24    However, in my view Mr Mulholland failed to provide an adequate explanation for his delay. His explanation relates only to the six month period between the High Courts refusal to grant special leave on 10 April 2013 and the commencement of the present proceeding on 12 September 2013. He provides no explanation for the 39 month delay between 8 January 2010 and 10 April 2013 and given the vigour with which he prosecuted the earlier proceedings there can be no suggestion that he was fatigued during this period.

25    I infer that the delay in commencement of this proceeding arose not because of Mr Mulhollands fatigue but because he chose a different path to contest the delegates decision. He chose to seek internal review through the AEC and then to make an application to the AAT, rather than to make an application under the ADJR Act and/or the Judiciary Act. When unsuccessful he then chose to appeal to the Full Federal Court and to the High Court. The lengthy delay in bringing the present proceeding arose because he pursued a different course.

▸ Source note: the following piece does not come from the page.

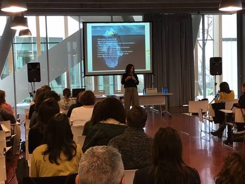 Lo que inicialmente nació tomando unas cañas en Barajas en el último fin de semana del curso de Experto, con el objetivo de seguir viéndonos y aprendiendo en un encuentro informal, se convirtió en una Jornada abierta a familias de ATELGA y profesionales, hasta completar aforo. Padres, profesionales de Atención Temprana, Maestras de Audición y Lenguaje, de Pedagogía Terapéutica, tutoras y alguna profesional de la Orientación dejaron patente el interés por el TEL y la necesidad de seguir dando visibilidad al Trastorno en las distintas comunidades.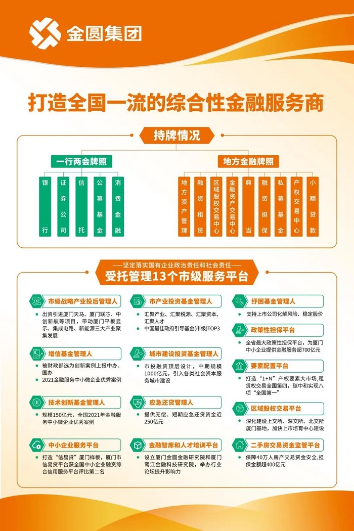PA视讯官方网站集团作为厦门市现代服务业领军企业,聚焦主责主业,不断修炼服务企业“内力”。目前,集团拥有14张各类金融牌照,受托管理13个市级服务平台,提供200多种综合性金融产品和服务,组建了PA视讯官方网站集团企业上市培育工作领导小组,依托“三基地一中心”(厦门市企业上市培育中心,沪、深、北交所厦门基地),以“融资、融智、融资源”为主线,凝聚PA视讯官方网站集团各业务板块力量,构建全链条、多元化的综合金融服务生态圈。

Action taken by Mr Mulholland to continue to contest the decision

26    Between 8 January 2010 and 10 April 2013 the AEC must have been aware that Mr Mulholland continued to contest the decision to substitute Mr Zegenhagen as the registered officer under the Commonwealth Electoral Act. However, from 10 April 2013 when the High Court refused special leave to appeal until the commencement of the proposed application on 12 September 2013 the AEC was entitled to consider that this matter was finalised. The time period for commencement of proceedings under the ADJR Act is 28 days and, seen in that light, this delay of five months is of significance.

Prejudice to third parties caused by the delay

27    During the period between 8 January 2010 and 12 September 2013 it is likely that the DLP and other third parties relied on the amended Register. In that period there were two federal elections and the DLPs candidates at those elections were endorsed by the DLPs registered officer as recorded on the Register.

28    Mr Mulholland argues that because the delegates decision was invalid no rights flowed to third parties and consequently no prejudice could be caused to them if the Court were to grant the extension of time sought. Alternatively, he argues that the only third parties who may be prejudiced are those who have benefited from the impugned decision. I do not agree. Over the lengthy period of delay the Register showed a person other than Mr Mulholland to be the registered officer of the DLP, which had real potential for confusion and interference with the rights of innocent third parties who relied on the Register.

29    If Mr Mulholland were to be granted the relief which he seeks there would also be scope for confusion as to the electoral processes that have occurred since the delegates decision. To this extent the impugned decision has become interwoven with the rights of innocent third parties so that, at this late stage, the relief that he seeks cannot be justified: Re Wakim; Ex parte McNally (1999) 198 CLR 511, at 592-593 per Gummow and Hayne JJ.

Merits of the substantive application

The proposed application

30    In summary, Mr Mulholland seeks to impugn the delegates decision on grounds of denial of natural justice, account being taken of irrelevant considerations, relevant considerations being disregarded, denial of his legitimate expectations, unreasonableness, making factual findings without evidence, and incorrect construction of the Commonwealth Electoral Act.

31    Mr Mulholland seeks orders that would, in effect:

(a)    set aside or declare invalid the delegates decision;

(b)    declare that he was and remains the Federal Secretary of the DLP and that the Federal Executive of the DLP includes him;

(c)    declare that the Register has been in error since the date of the delegates decision; and

(d)    require the AEC to restore him as the registered officer of the DLP.

32    However, even if it is assumed that Mr Mulholland can make out his grounds for impugning the delegates decision, the proceeding lacks merit. This can be seen:

(a)    firstly, because Mr Mulholland challenges the delegates decision of 8 January 2010 when that decision has been superseded by the AEC decision of 28 May 2010 and is no longer operative;

(b)    secondly, because even if the delegates decision is operative, the evidence indicates that the Court should not amend the Register to replace Mr Mulholland as the partys registered officer; and

(c)    thirdly, because the matters which he now seeks to raise have been previously considered in several forums and Mr Mulholland was unsuccessful.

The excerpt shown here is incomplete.